Knowledge OS Bootstrap: Seven Epics, Marketplace Security, and Production AI Fixes
Seven epics in one repo. Six releases in one day. A TypeScript monorepo that didn’t exist 48 hours ago now has a compiler pipeline, FTS5 search, and citation-verified answers. April 6th was the day intentional-cognition-os went from design documents to a working knowledge operating system.
What intentional-cognition-os Is
A local-first knowledge OS. You feed it raw corpus — PDFs, markdown, web clips. It compiles that into semantic knowledge. You ask questions. It answers with inline citations that trace back to source material through provenance chains.
The architecture is a TypeScript monorepo with four packages:
packages/
├── types/ # Shared Zod schemas + TypeScript types
├── kernel/ # SQLite storage, FTS5 indexing, retrieval
├── compiler/ # 6-pass Claude API pipeline
└── cli/ # ico command — ingest, compile, ask, lint
Every package has its own build, its own tests, its own exports.

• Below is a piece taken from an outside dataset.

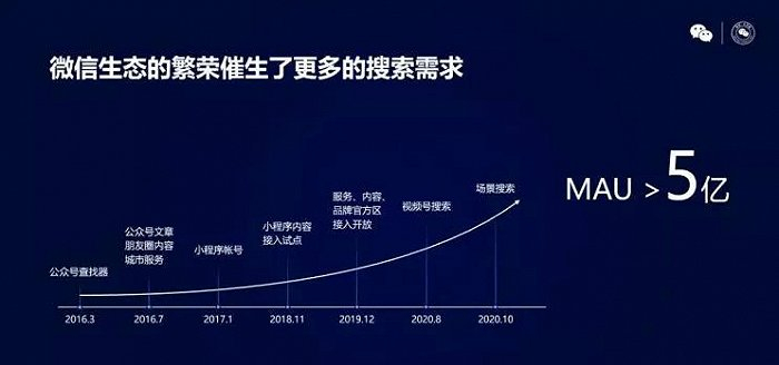 据微信官方介绍,目前微信搜一搜月活用户已超过5亿,拥有包括首页搜索框和发现页搜一搜两个一级入口,及聊天页面、朋友圈页面内的多个次级入口。在今年的公开课上,微信搜一搜更是被放到了与小程序、微信支付和视频号并列的地位。

No barrel files re-exporting the universe. Clean dependency graph: types → kernel → compiler → cli.
Epic 1: Canonical Design Pack (PR #3)
Before writing code, write the contracts. 14 standards documents froze the architecture: data model, compiler passes, retrieval strategy, CLI surface, error taxonomy, security boundaries. Then a standards freeze — no spec changes without a formal amendment process.
This sounds like waterfall. It’s not. It’s insurance. When you’re shipping six more epics the same day, you need something to validate against. The standards documents are that thing.
Epic 2: Repo Foundation (PR #4)
Four packages scaffolded with real tooling. Not placeholder index.ts files — actual build configs, actual test harnesses, actual TypeScript strict mode. 36 tests passing before any business logic existed. The foundation tests validate package boundaries: can kernel import from types? Can cli import from compiler? Can types import from nothing outside itself?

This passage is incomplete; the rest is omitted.